I have always been a keen supporter of our community and saw this as an opportunity to show leadership.  That too was on my mind.

So I agreed to get in that ring, and having been there, I thought I would share some thoughts on my experience:

1.  It is a scary proposition.  If you can conquer that fear, then it gives you a tremendous sense of satisfaction.

2.  It is a big commitment of time … and yet these are incredibly busy people.  To do this, they get even better at time management.

Kevin boxing at Fight for the Cure 20113.  The training period for me was about 5 months.  My only knowledge of boxing came from watching it on television!  I had 5 months of personalized training in a new skill.

4.  Boxing is a physically demanding as any sport, and to be able to compete you need to be in great shape.  The 5 months of training supplemented by my own regular exercise regimen meant that I was in pretty good shape.

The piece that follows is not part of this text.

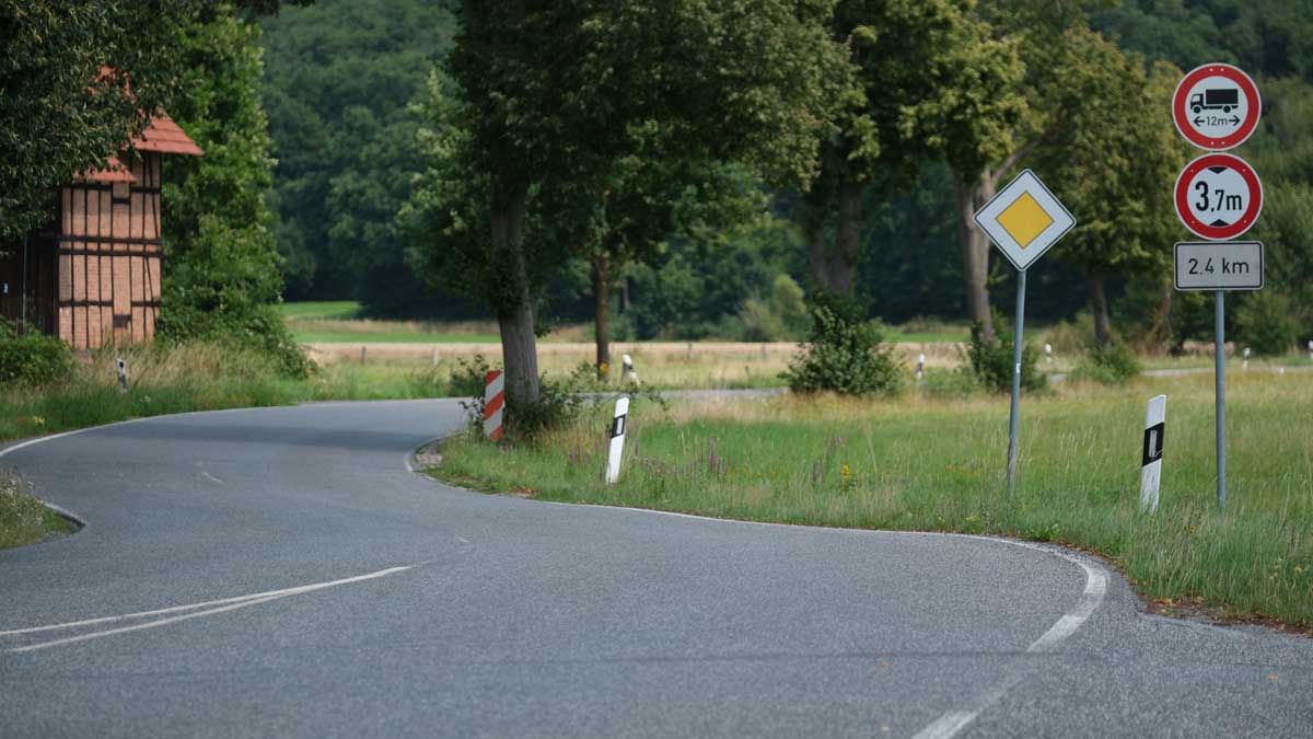 Heute morgen um 3 uhr kommen mir 3 40 Tonner aus Dittershausen Richtung Elenrode hinter dem Wald entgegen. Die Straße ist für 2 Auto im Gegenverkehr schon eng und dann noch 3 Lkw wo soll man da noch hin .
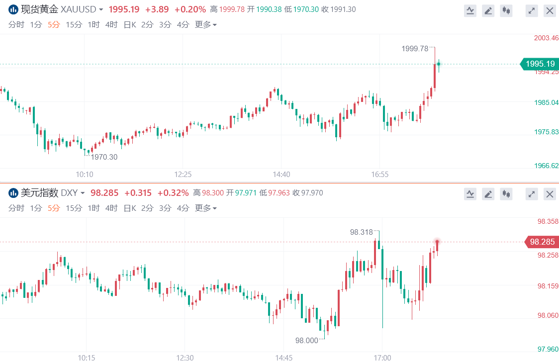 现货黄金闻讯短线拉涨16美元,最高触及1999美元/盎司;现货白银拉涨0.34美元,至25.72美元/盎司;美元指数短线走高,升至98.28。

5.  Any new endeavor means meeting a new group of people and I met some very dedicated and amazing people through the experience.

6.  To put on an event like this is a huge endeavor and requires a leader willing to “make it happen”.  Just being around people like that is inspirational … we boxers made a big commitment, the organisers are at an even greater level of commitment.

7.  When you support any charity you get a better understanding of its impact, and meet people who have been affected.  That is a humbling and rewarding experience.

8.  I did not have it on my bucket list, but I am proud to be able to say, “I did it!”

9.  The friends you make through an event like this are for life … because this is a relatively small number of like-minded people willing to make this kind of sacrifice, and that is a strong bond.

10.  If you are a leader then it is your responsibility to give back, to lead by example and to help make our society a better place.  This is a very public way of doing just that.

If you get the opportunity to do this, give it some serious consideration … it is a very challenging, yet rewarding, way to really give back!

PS.  I lost my bout, but won in every other way!